Preferably, after executing the common instruction, the method further includes:

releasing the common register corresponding to the common instruction, and setting the allocation state of the common register corresponding to the common instruction in the common register allocation table to an unallocated state;

the method further includes:

releasing the common register corresponding to the target special instruction, and setting the allocation state of the common register corresponding to the target special instruction in the common register allocation table to an unallocated state; and

releasing the control register corresponding to the target special instruction, and setting the allocation state of the control register corresponding to the target special instruction in the control register allocation table to an unallocated state.

Preferably, the common register allocation table and the control register allocation table are both dictionary-type data structures.

Preferably, setting state information satisfying an executable standard to the first flag bit that executes a special instruction with the highest priority includes:

setting a standard value for the control register corresponding to the first flag bit that executes the special instruction with the highest priority;

the obtaining a target special instruction with the state information corresponding to the first flag bit satisfying the executable standard from the unexecuted special instructions includes:

reading the unexecuted special instruction and obtaining the state value stored in the corresponding control register according to the first flag bit of the unexecuted special instruction;

determining whether the state value is equal to the standard value;

if the state value is equal to the standard value, setting the unexecuted special instruction to the target special instruction;

after the target special instruction is executed, the setting state information satisfying the executable standard for a second flag bit of the target special instruction includes:

after the target special instruction is executed, setting the standard value for the control register corresponding to the second flag bit of the target special instruction.

Preferably, the standard values take values including 0 or 1.

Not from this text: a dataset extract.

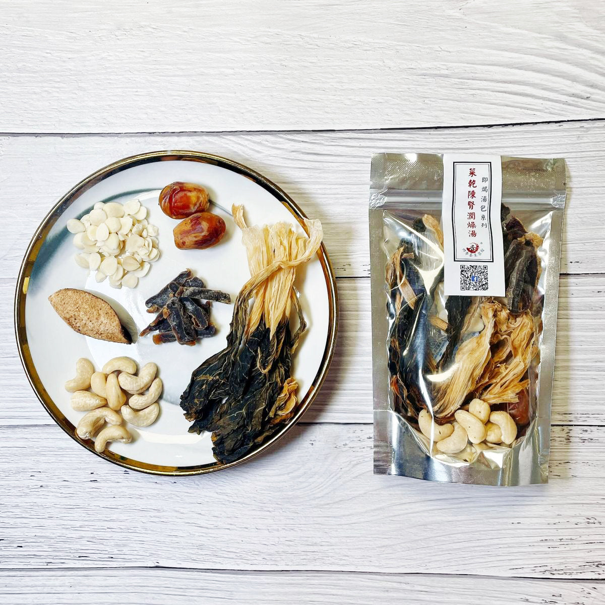 | (為確保儲存更佳,請注意包裝內有乾燥劑,不可食用) 菜乾陳腎潤燥湯(即焗湯包系列) 功效:清肺胃熱、生津潤燥、通便利水 配料:陳腎,菜乾,腰果,椰棗,陳皮,南北杏 淨含量:60克+/-<5克 飲用方法: 將湯料倒入燜燒壺中,倒入滾水清洗一次配料後倒出,再注入滾水700毫升,燜焗2.5小時後即可享用。可按口味加入少量食鹽。 保存方法:雪櫃低溫冷藏。 |

In addition, the present application further provides an instruction execution apparatus, including:

an obtaining module, configured to obtain an instruction stream, and obtain an execution relationship between instructions, the instruction stream including an instruction indicating that contents of a first flag bit and a second flag bit are empty;

an instruction classification module, configured to obtain, according to the execution relationship between instructions, special instructions with an execution dependency relationship and common instructions without the execution dependency relationship in the instruction stream;

a relationship establishment module, configured to establish a data access relationship of the second flag bit of a first special instruction and the first flag bit of a second special instruction in the special instructions to a same storage address, the first special instruction being executed adjacent to the second special instruction and executed before the second special instruction;

a first flag bit setting module, configured to set state information satisfying an executable standard to the first flag bit that executes a special instruction with the highest priority;

a common instruction execution module, configured to execute the common instructions;

a determining module, configured to determine whether there are unexecuted special instructions in the instruction stream or not, if so, call in turn a special instruction execution module and a second flag bit setting module, otherwise, call a stopping module;

a special instruction execution module, configured to obtain a target special instruction with the state information corresponding to the first flag bit satisfying the executable standard from the unexecuted special instructions, and execute the target special instruction;

a second flag bit setting module, configured to, after the target special instruction is executed, set state information satisfying the executable standard for a second flag bit of the target special instruction, and call the determining module; and a stopping module, configured to stop executing the instruction stream.

In addition, the present application further provides an instruction execution device, including:

a memory, configured to store computer programs; and

a processor, configured to implement, when executing the computer programs, the steps of the above instruction execution method. In addition, the present application further provides a computer-readable storage medium, the computer-readable storage medium stores a computer program, and the computer program, when being executed by the processor, implements the steps of the above instruction execution method.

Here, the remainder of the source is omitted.